BEGIN

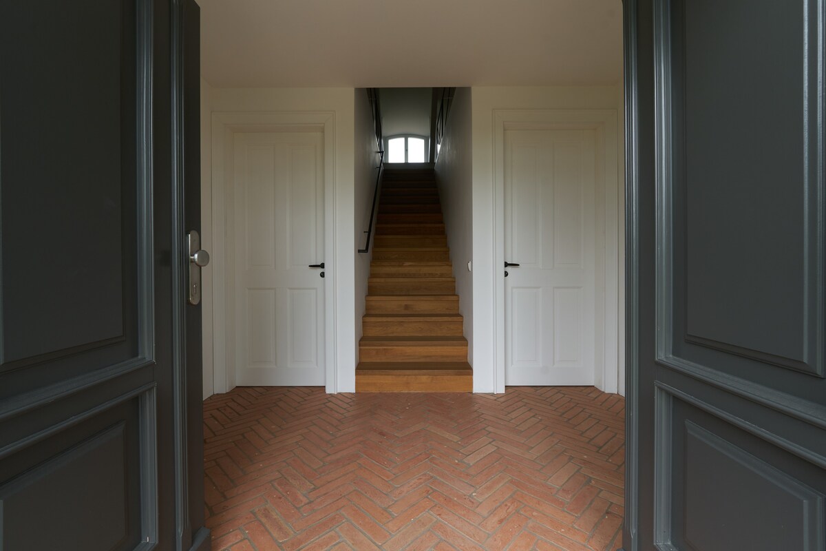 Enjoy the tranquility and security of these ancient walls. Surrounded by ancient trees in the Mecklenburg Lake District. Your apartment is on the 2nd floor and was carefully renovated. We rebuilt the old clay frameworks, uncovered the ancient floorboards and only the finest clay paint was used on the walls. The hideaway is rounded off by a small cast iron fireplace for the evenings and a private sauna on the edge of the field... We love children 🧡🌟 4 cats and 1 dog live on the farm ;-)
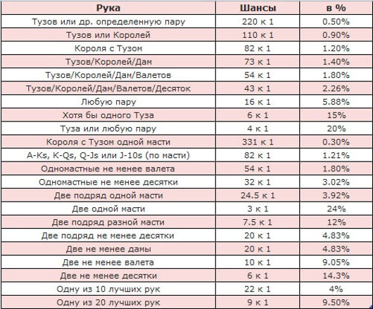 Здесь указаны шансы игрока на стадии префлопа получить конкретное начальное сочетание карт. Больше того, в ней представлены как вероятность в соотношении, так и шансы выстраивания необходимой для геймера руки в процентах.
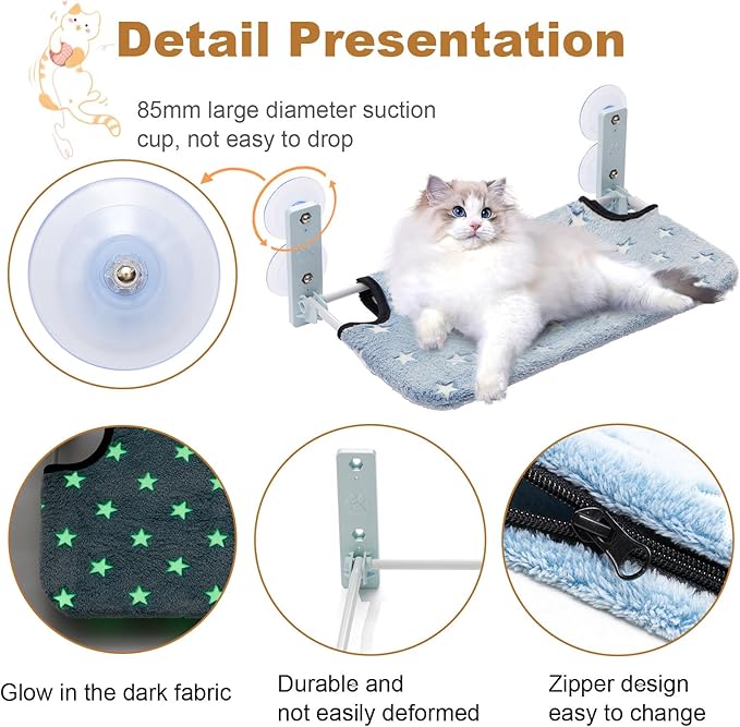 - Cordless Cat Hammock: Allowing your cat to jump freely without being bound, and without worrying about tripping over ropes. The 20 x 12 inch glow in the dark cat window perch cat hammock has ample space and comes with a zipper for easy disassembly and machine washing.
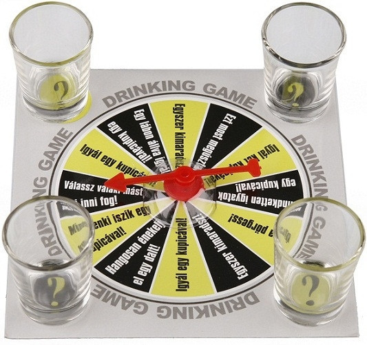 Hangulatfelelős piás szerencsekerék, ami ha előkerül, a vidámság is azonnal ott terem! Vedd elő, vagy vidd magaddal buliba és játszatok egy kicsit! Kérj mindenkinek egy felest, de pörgesse meg a kereket, hogy hogyan kell meginnia! "Énekelj hangosan!", vagy "Igyál féllábon állva!" Biztos szórakozás, jó móka! Igazi szerencsekerék a jó barátoknak, barátnőknek!

END

Beginning with the line containing "- Cordless Cat" and ending with the last line of the data above, repeat each line exactly. Include no pictures and no other lines.

Solution for this problem:
 - Cordless Cat Hammock: Allowing your cat to jump freely without being bound, and without worrying about tripping over ropes. The 20 x 12 inch glow in the dark cat window perch cat hammock has ample space and comes with a zipper for easy disassembly and machine washing.
 Hangulatfelelős piás szerencsekerék, ami ha előkerül, a vidámság is azonnal ott terem! Vedd elő, vagy vidd magaddal buliba és játszatok egy kicsit! Kérj mindenkinek egy felest, de pörgesse meg a kereket, hogy hogyan kell meginnia! "Énekelj hangosan!", vagy "Igyál féllábon állva!" Biztos szórakozás, jó móka! Igazi szerencsekerék a jó barátoknak, barátnőknek!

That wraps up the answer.